In the past few weeks and months, I’ve often been asked about the next phase of our strategy – by clients and investors, by analysts and journalists, and by you, our colleagues.
In order to answer these questions we needed to resolve some important legal matters, we needed more clarity about future regulation and, last but not least, we needed to examine carefully the different strategic options available to Deutsche Bank in a fast-changing environment.
This process is concluded now, and I am pleased to be able to tell you how we aim to grow and make Deutsche Bank sustainably successful.
The Management Board has decided on some fundamental revisions and decisive advances in the strategy we announced in the autumn of 2015. Today, these were approved by the Supervisory Board. There are three core elements:
— Strengthening our position in our home market by combining Postbank with our Private & Commercial Clients business, thus creating the clear market leader in Germany;
— Unleashing the growth potential of Deutsche Asset Management by floating a minority stake; and
— Reinforcing our business with international corporations by creating a single, integrated corporate and investment bank. This business has been the hallmark of Deutsche Bank since we were founded.
A strong capital base is essential if we’re to succeed in charting this strategy. For that reason, the Management Board has decided to issue up to 687.5 million new shares. We expect proceeds of around 8 billion euros from this. According to the future capital rules this would enable us to reach a core capital ratio of approximately 14 percent and remove a major source of uncertainty. That should make us significantly more attractive for our clients.
For it is our clients who are at the centre of this strategic refinement. To reach our goals, we are now placing Deutsche Bank on three strong pillars:
— Deutsche Asset Management remains an integral part of our business, although a partial IPO gives it more operational independence. The success of many independent asset managers is testimony to that. With a clearer external profile for Deutsche Asset Management, we will be more attractive for additional top-quality talent in this business – which is essential for Deutsche Asset Management to grow more strongly again. Moreover, we are generating additional capital for the group and making the enormous value of Deutsche Asset Management more visible.
At the same time, we need to control our costs even more tightly. Last year, we achieved a lot. However, in this tough environment, further reductions are unavoidable. We aim to reduce adjusted costs from 24.1 billion euros last year to around 21 billion euros by 2021. Given our recent successes, I am all the more confident that we will reach these goals.
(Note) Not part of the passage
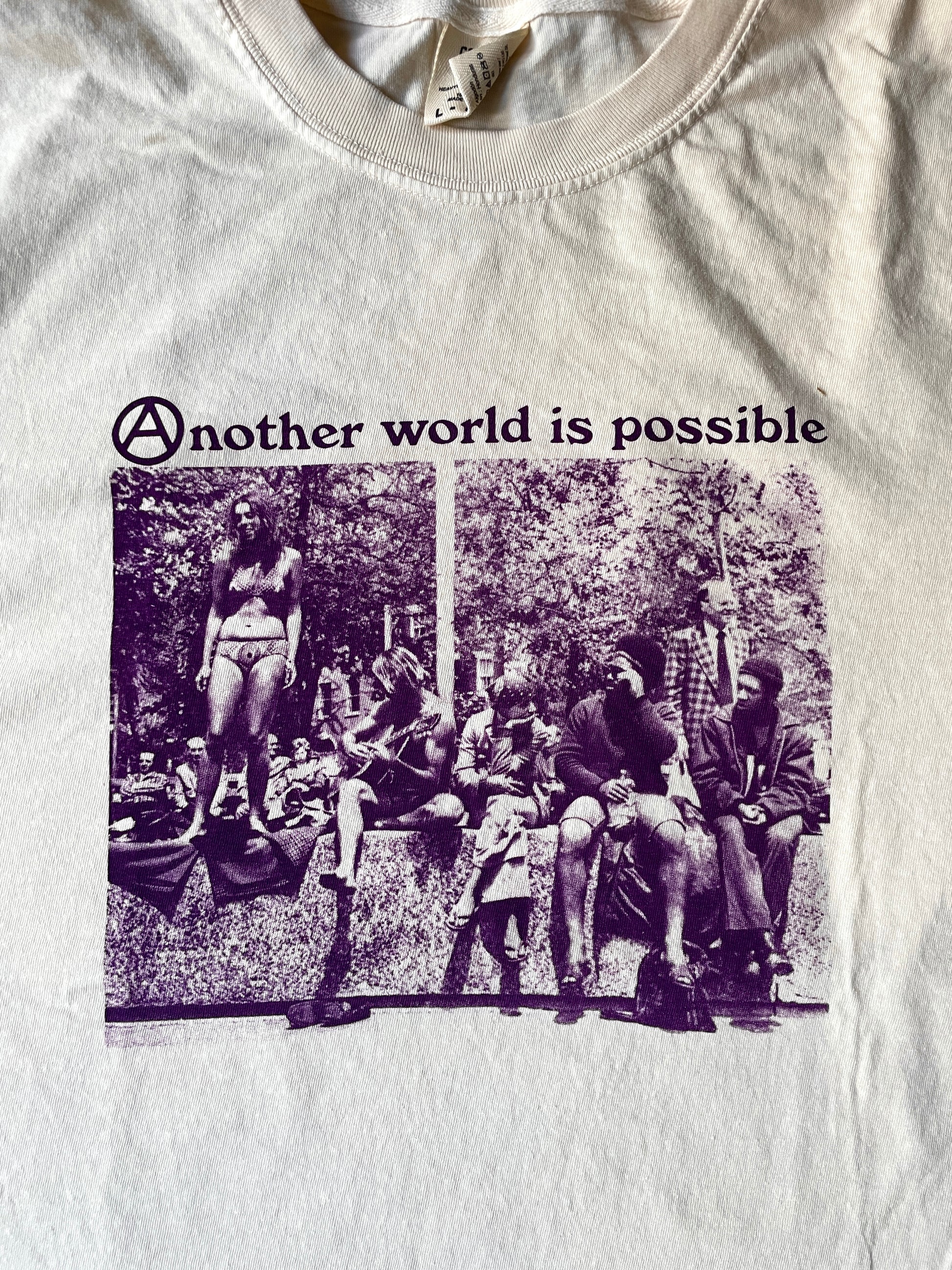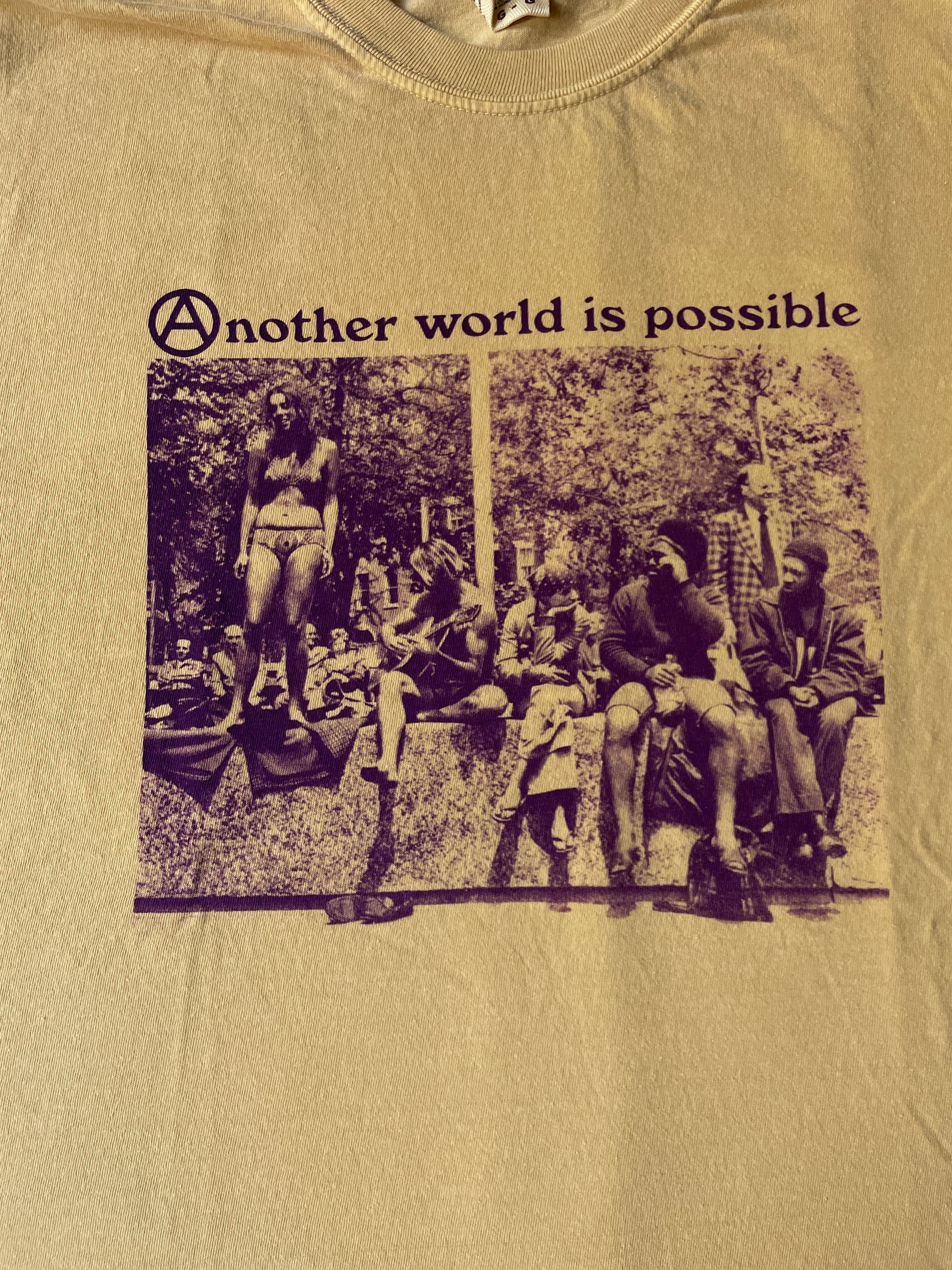 The idea for this shirt came to me when I was in Japan and took note of the Peace Poles at most of the temples there and how the idea of peace prevailing on Earth went hand in hand with the often Anarchist saying that "another world is possible". I thought about the different ways in which we seek peace and how it is not always a clear path but, for many people, the goal is peaceful equality.

Our next step will be to integrate our infrastructure, where practicable and possible, more closely into these three business divisions. This helps us establish more direct responsibility and reduce costs. That said, central standards and controls must be maintained.
Some of this may prompt you to wonder: isn’t this a step backwards? Didn’t we already have that?
The right answer is, as you’ll see on closer inspection, that we have not simply revived old concepts. Without placing any self-imposed limits on our thinking, we selected the right structure for us to react quickly and firmly to the needs of our clients, given a dynamic market environment and new regulatory requirements. We will draw on past experience to tackle the reorganisation which lies ahead. We need your experience. We’ll do it together and we’ll do it right.
We are firmly convinced that we are building a strong Deutsche Bank which can restore growth in all three business areas. That is the task of the new leadership team which the Supervisory Board confirmed today:
— Our new Private & Commercial Bank will prospectively be led by Christian Sewing and Frank Strauss;
— Deutsche Asset Management will continue to be led by Nicolas Moreau;
— Marcus Schenck is planned to join Garth Ritchie in leading the new Corporate & Investment Bank in the course of the year.
The Supervisory Board will decide on his successor as CFO in due course.
Jeff Urwin will retire from the Management Board after a transition period. He will continue to support the bank, especially regarding regulatory topics in the US. The roles of my Management Board colleagues Kim Hammonds, Stuart Lewis, Sylvie Matherat, Karl von Rohr and Werner Steinmueller remain unchanged.
Going forward I will personally oversee the bank’s US business on the Management Board. Also for that reason I am pleased that the Supervisory Board has agreed to my request to appoint two Deputy CEOs. Together with Marcus Schenck and Christian Sewing, I will do everything to make sure that we fulfil Deutsche Bank’s prominent role in its home market even better and reach our ambitious goals faster.
I am proud that together we have made progress since the autumn of 2015 and have put the worst crisis for decades behind us. With today’s decisions we are creating a Deutsche Bank which is stronger and which can look forward again and grow with confidence.
Let us boldly seize the opportunities we have and, together, get back on the front foot.